WHAT THIS TASK INVOLVES - Quote word for word the lines below, beginning with the first and ending with the one that has "Mayflower lets you". Drop the pictures.

SUPPLIED INFORMATION -
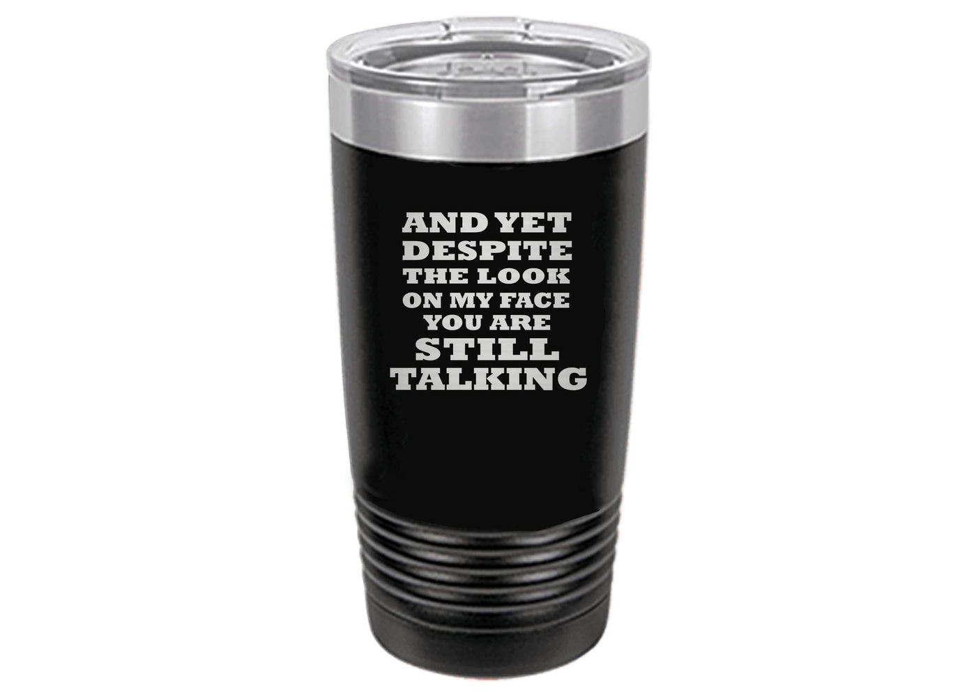 Rogue River Tactical Funny And Yet Despite The Look On My Face You Are Still Talking Large 20 Ounce Travel Tumbler Mug Cup W/Lid
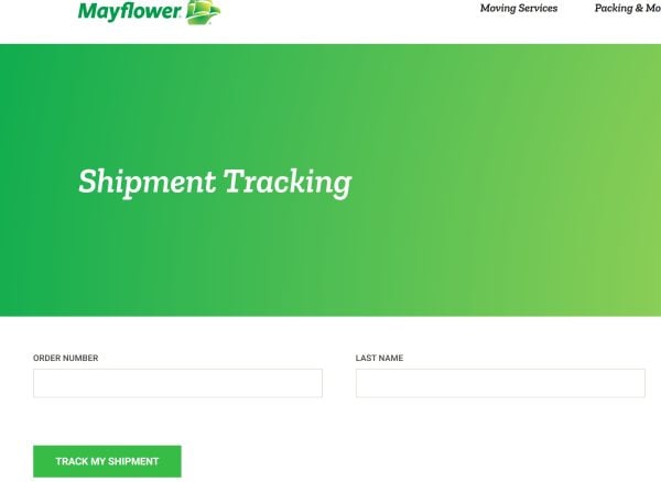 Mayflower lets you track your truck when you enter an order number and your last name. However, you can’t find the exact location of your shipment; you have to talk to the move coordinator to get that information.
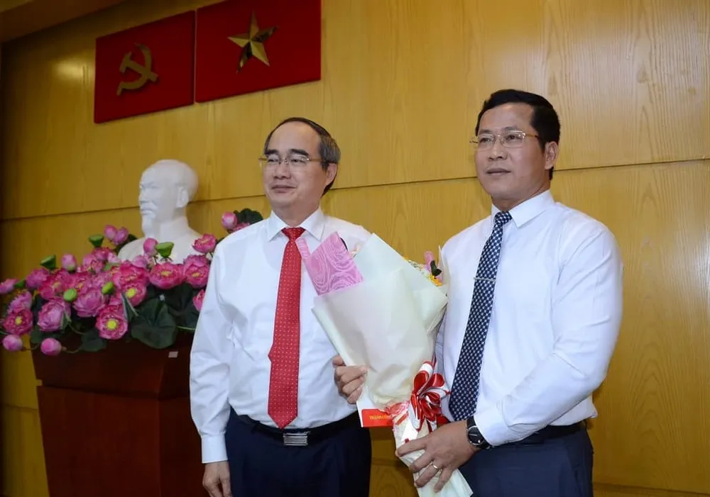 Bí thư Thành ủy TP.HCM Nguyễn Thiện Nhân trao quyết định cho ông Trần Hoàng Danh. Ảnh: PHƯƠNG THÙY

OUTPUT -
 Rogue River Tactical Funny And Yet Despite The Look On My Face You Are Still Talking Large 20 Ounce Travel Tumbler Mug Cup W/Lid
 Mayflower lets you track your truck when you enter an order number and your last name. However, you can’t find the exact location of your shipment; you have to talk to the move coordinator to get that information.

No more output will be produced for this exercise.